| Input data |
....................

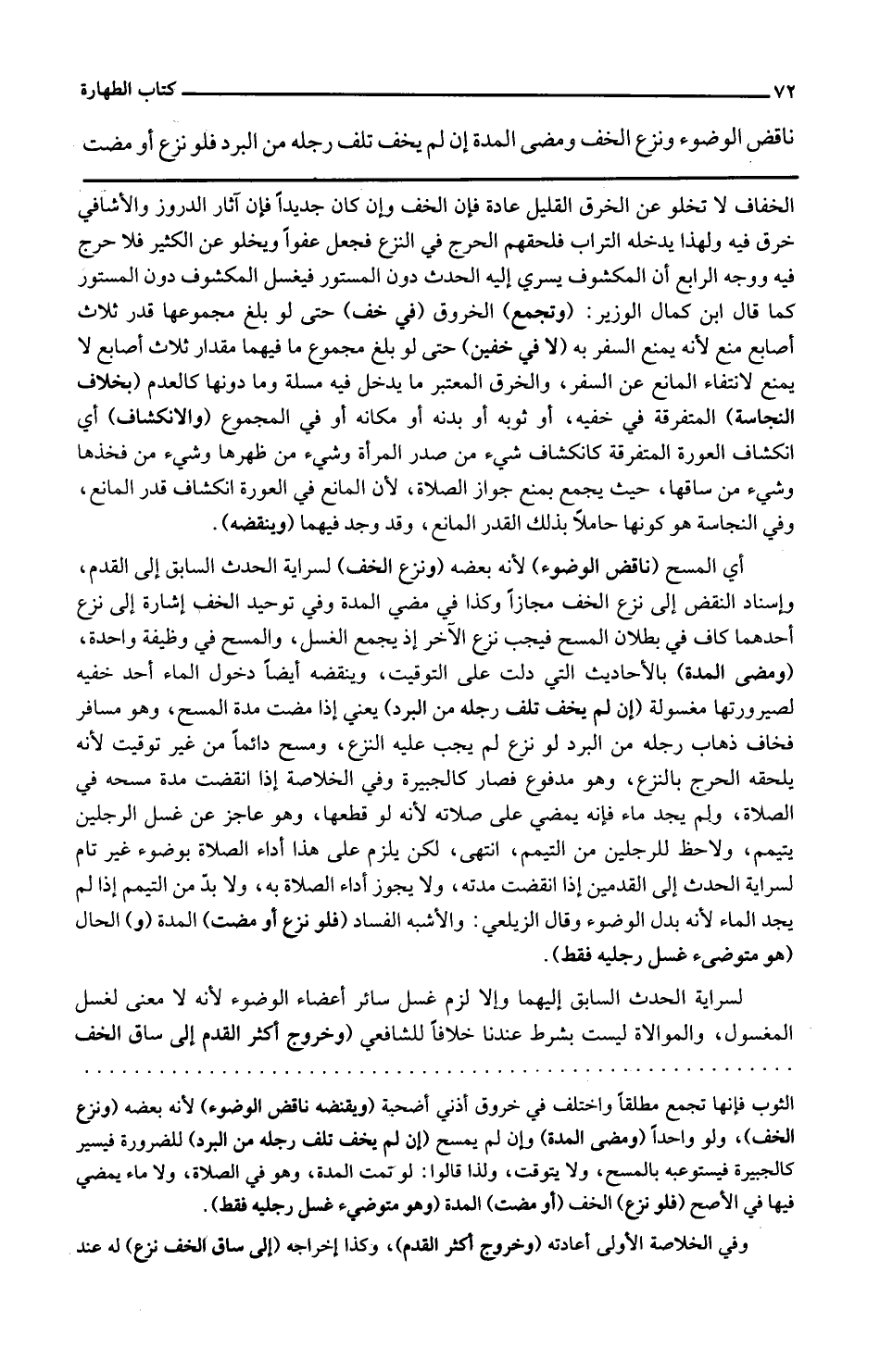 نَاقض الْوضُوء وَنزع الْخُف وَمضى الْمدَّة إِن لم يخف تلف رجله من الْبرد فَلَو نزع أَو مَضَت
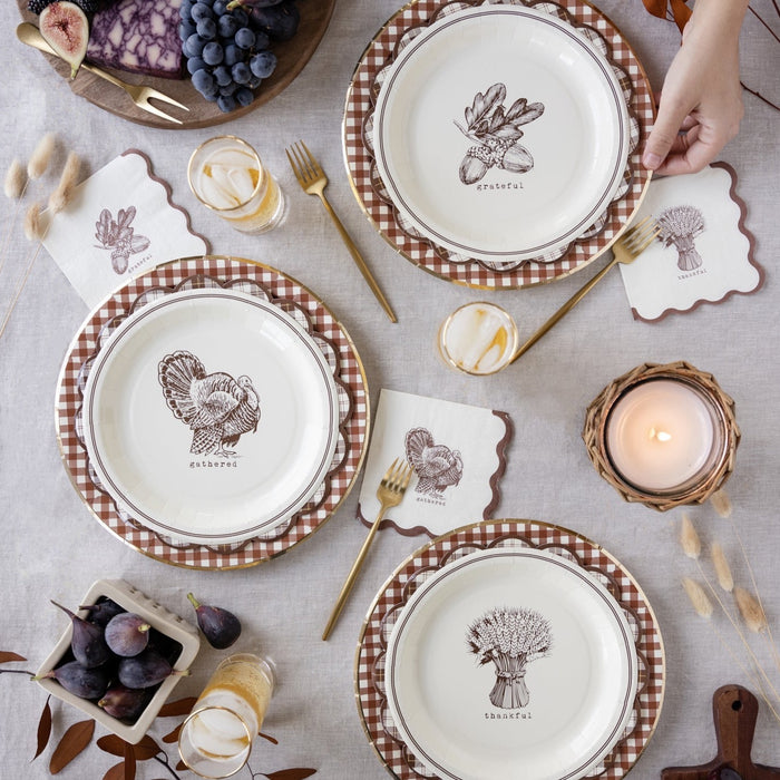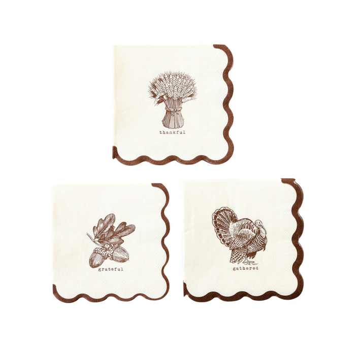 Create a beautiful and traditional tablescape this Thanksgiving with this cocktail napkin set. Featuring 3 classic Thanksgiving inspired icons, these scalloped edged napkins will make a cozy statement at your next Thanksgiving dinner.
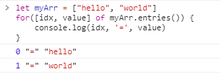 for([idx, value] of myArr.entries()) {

....................

| Work required |
Give back all the material exactly, with no pictures.

| Answer space |
 نَاقض الْوضُوء وَنزع الْخُف وَمضى الْمدَّة إِن لم يخف تلف رجله من الْبرد فَلَو نزع أَو مَضَت
 Create a beautiful and traditional tablescape this Thanksgiving with this cocktail napkin set. Featuring 3 classic Thanksgiving inspired icons, these scalloped edged napkins will make a cozy statement at your next Thanksgiving dinner.
 for([idx, value] of myArr.entries()) {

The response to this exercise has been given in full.